> **GOAL OF THE EXERCISE**: All that is needed is an exact repetition of the lines from the one containing "3月20日,正值中国二十四节气的春分,四川省雅安市名山区红星镇骑龙村,茶农在茶园里采摘春茶。中新社记者 王磊 摄" through the final line of the material, without pictures.

> **DATA FOR ANALYSIS**:

*** Block opens ***

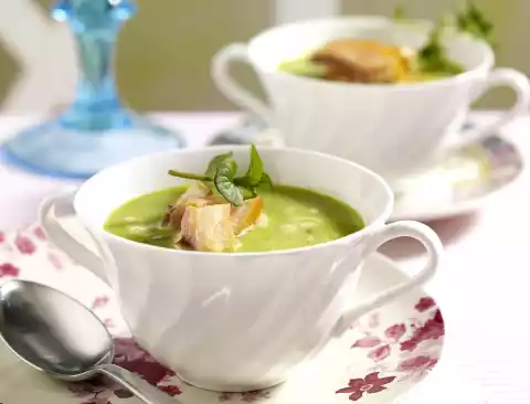 Fill up with broth, bring to the boil and simmer for about 5 minutes. Wash the mint, shake dry and, except for something to garnish, pluck leaves from the stalks. Chop coarsely and add to the soup. Finely puree the soup with a hand blender.
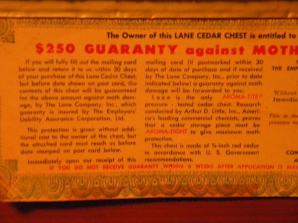 I recently acquired this chest from an estate sale. I believe I am now the 2nd owner. The material on the lid is in near perfect shape. No tears, discoloration,etc. It comes with all original hardware and the original $250.00 guaranty card.
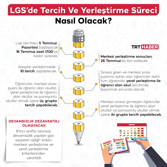 Milli Eğitim Bakanlığınca (MEB) 2021 LGS tercih ve yerleştirme kılavuzu açıklandı. Lise tercihleri 5-16 Temmuz arasında yapılabilecek.
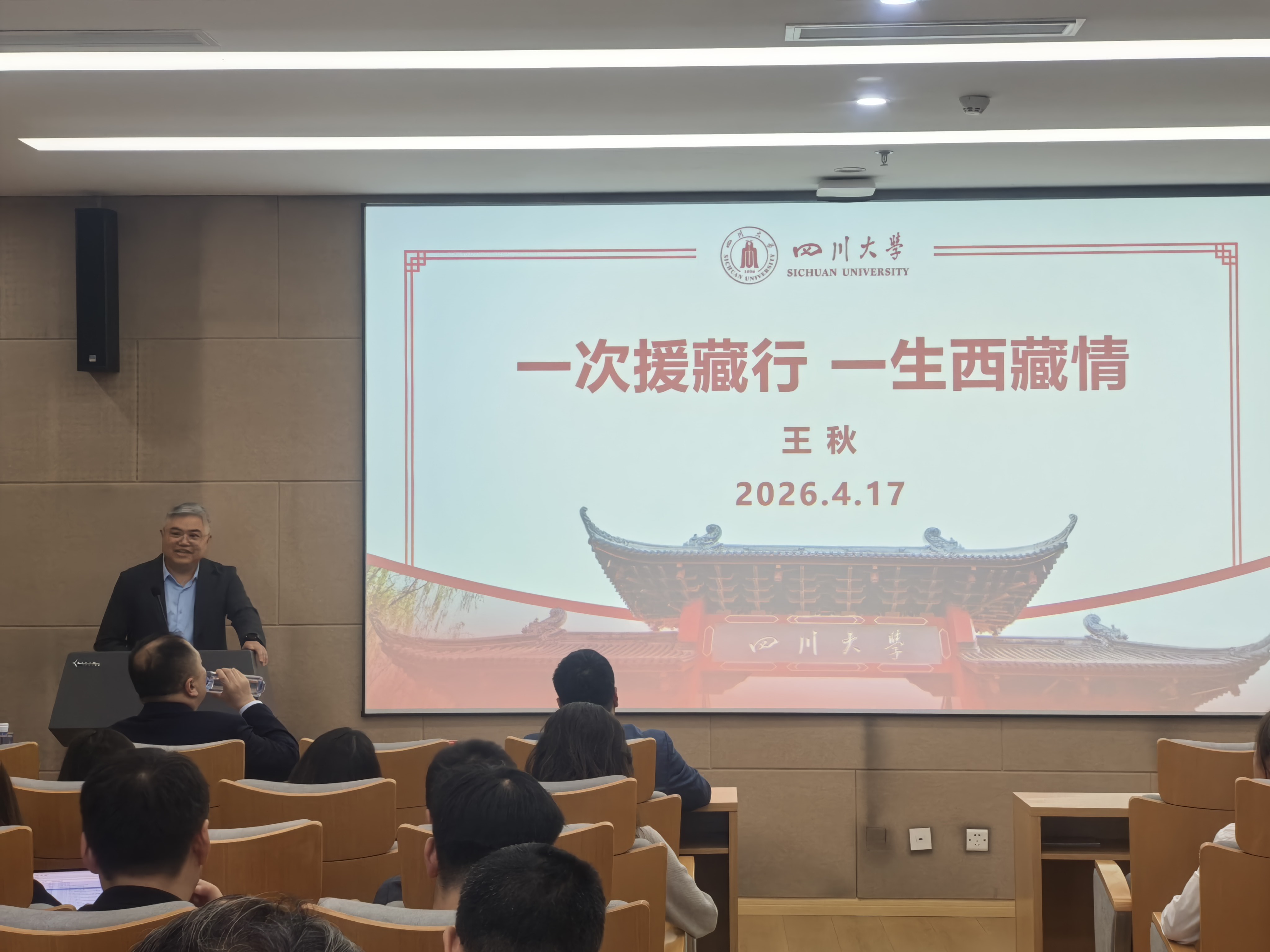 宣讲会上,王秋同志在深刻解读援藏精神后,深情回顾了他在援藏三年期间的工作与生活经历,详细描述了在面临重重挑战下如何推动西藏自治区妇产儿童医院建设取得显著进步、实现跨越式发展,分享了在援藏历程中疫情防控、小拉姆的故事、争分夺秒抢救因胎盘植入导致子宫收缩乏力发生产后大出血的产妇以及关爱孤独症小孩等四个难忘的经历,表示并号召传援藏之情,以“功成不必在我、功成必定有我”的境界,以实干出成绩,为川大的美好明天,为实现中华民族伟大复兴的中国梦,贡献自己全部的力量。
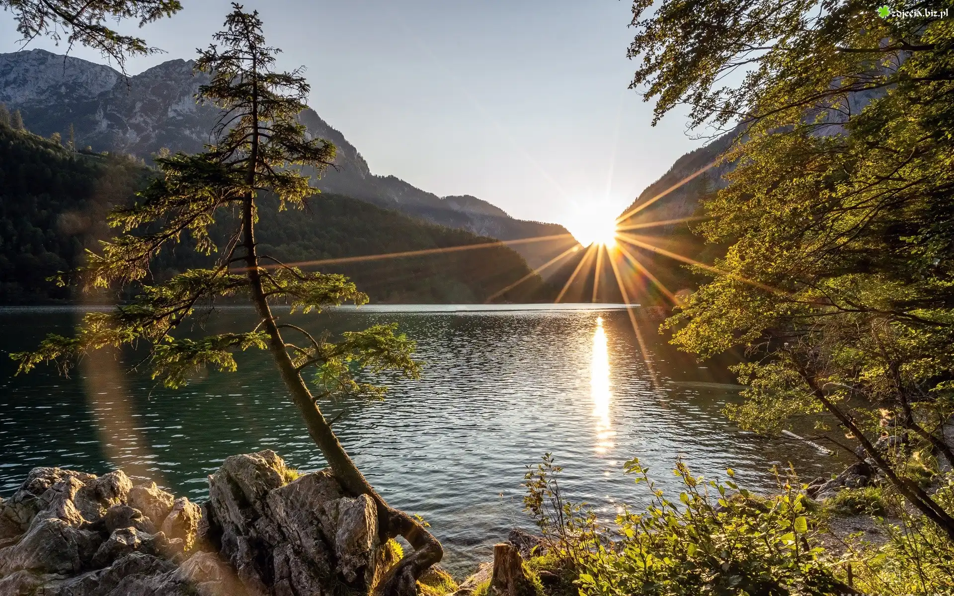 Zdjęcie, Drzewa, Promienie słońca, Góry Hochschwabgruppe, Jezioro Leopoldsteinersee, Styria, Austria
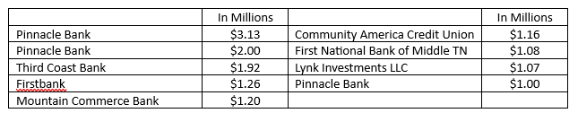 Along with the warranty deeds, 381 loans worth $128.96 million also made it into the records last week. Eleven of those were a million dollars or more. The highest value mortgage at $14.5 million was funded by Southeast Bank. Pinnacle Bank loaned the most money with four loans on the list; the largest was $11.05 million. The others are as follows:
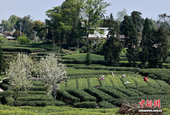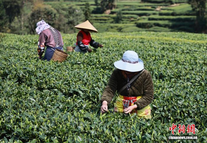 3月20日,正值中国二十四节气的春分,四川省雅安市名山区红星镇骑龙村,茶农在茶园里采摘春茶。中新社记者 王磊 摄
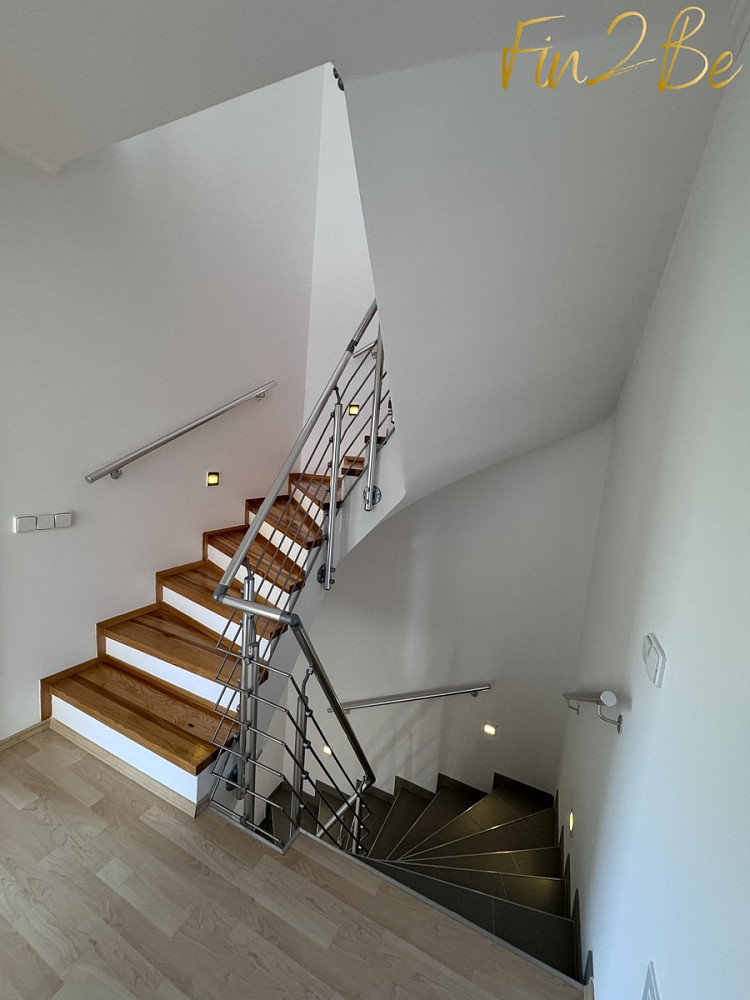 Dům je mimořádně úsporný. Patří do energetické třídy B, což znamená nízké provozní náklady i při takto prostorné dispozici. Měsíční poplatky se pohybují okolo 6.000,- Kč. Komfort bydlení zajišťuje podlahové topení a možnost přitopit si v krbových kamnech. Součástí bytu je také balkón, garáž a venkovní parkovací stání.
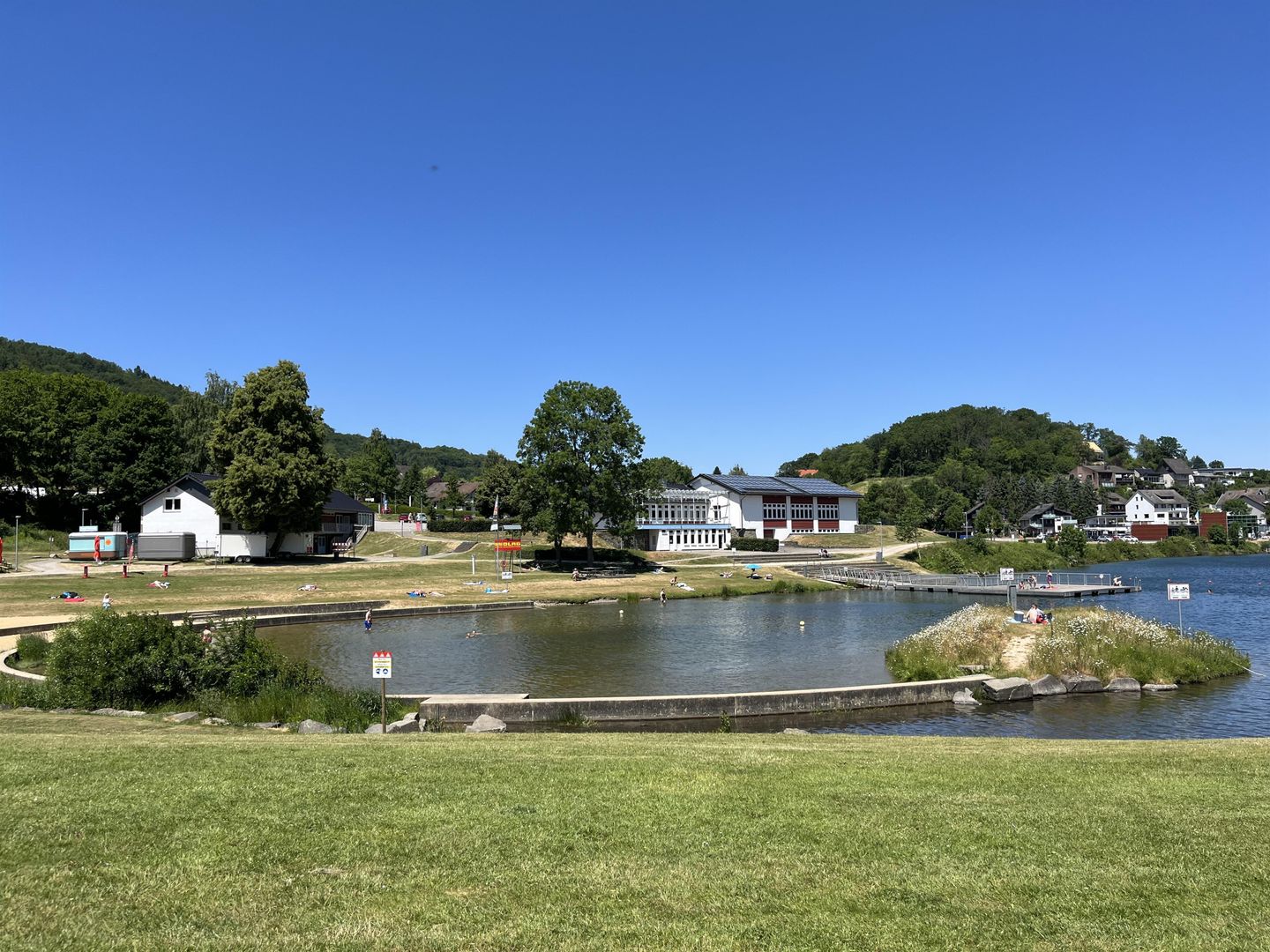 Le Rurseezentrum abrite une piscine naturelle en plein air très prisée, dont l'eau claire est appréciée par tous les visiteurs. La plage de sable aménagée avec une zone d'eau peu profonde pour les enfants et une aire de jeux répond à tous les désirs des petits comme des grands pour s'adonner aux plaisirs de l'eau. Sur la vaste pelouse de baignade, chacun trouve une place, que ce soit au soleil ou sous l'un des nombreux beaux arbres. Pendant les mois d'été, la DLRG est sur place et surveille la baignade (tous les jours pendant les vacances d'été en Rhénanie-du-Nord-Westphalie et les week-ends de mai-août).
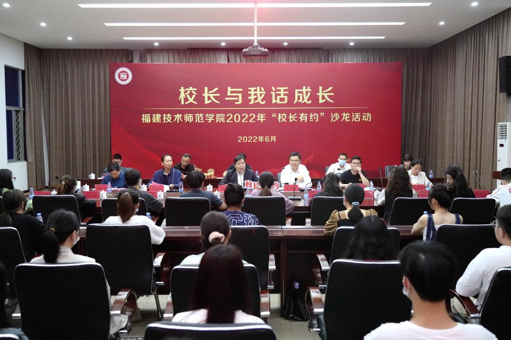 6月9日晚,我校在五马山校区图书馆学术报告厅举办2022年“校长有约”沙龙活动。校长廖深基与50多名青年大学生代表面对面座谈交流,听取同学们对学校的意见,了解同学们的学习生活情况。。座谈会由校党委副书记林海峰主持,党政办公室、学生工作部、教务处、后勤管理处、财务处、安全保卫处、资产处、图书馆、校团委主要负责人和体育学院负责人参加了活动。

*** Block closes ***

> **ANSWER BELOW**:
 3月20日,正值中国二十四节气的春分,四川省雅安市名山区红星镇骑龙村,茶农在茶园里采摘春茶。中新社记者 王磊 摄
 Dům je mimořádně úsporný. Patří do energetické třídy B, což znamená nízké provozní náklady i při takto prostorné dispozici. Měsíční poplatky se pohybují okolo 6.000,- Kč. Komfort bydlení zajišťuje podlahové topení a možnost přitopit si v krbových kamnech. Součástí bytu je také balkón, garáž a venkovní parkovací stání.
 Le Rurseezentrum abrite une piscine naturelle en plein air très prisée, dont l'eau claire est appréciée par tous les visiteurs. La plage de sable aménagée avec une zone d'eau peu profonde pour les enfants et une aire de jeux répond à tous les désirs des petits comme des grands pour s'adonner aux plaisirs de l'eau. Sur la vaste pelouse de baignade, chacun trouve une place, que ce soit au soleil ou sous l'un des nombreux beaux arbres. Pendant les mois d'été, la DLRG est sur place et surveille la baignade (tous les jours pendant les vacances d'été en Rhénanie-du-Nord-Westphalie et les week-ends de mai-août).
 6月9日晚,我校在五马山校区图书馆学术报告厅举办2022年“校长有约”沙龙活动。校长廖深基与50多名青年大学生代表面对面座谈交流,听取同学们对学校的意见,了解同学们的学习生活情况。。座谈会由校党委副书记林海峰主持,党政办公室、学生工作部、教务处、后勤管理处、财务处、安全保卫处、资产处、图书馆、校团委主要负责人和体育学院负责人参加了活动。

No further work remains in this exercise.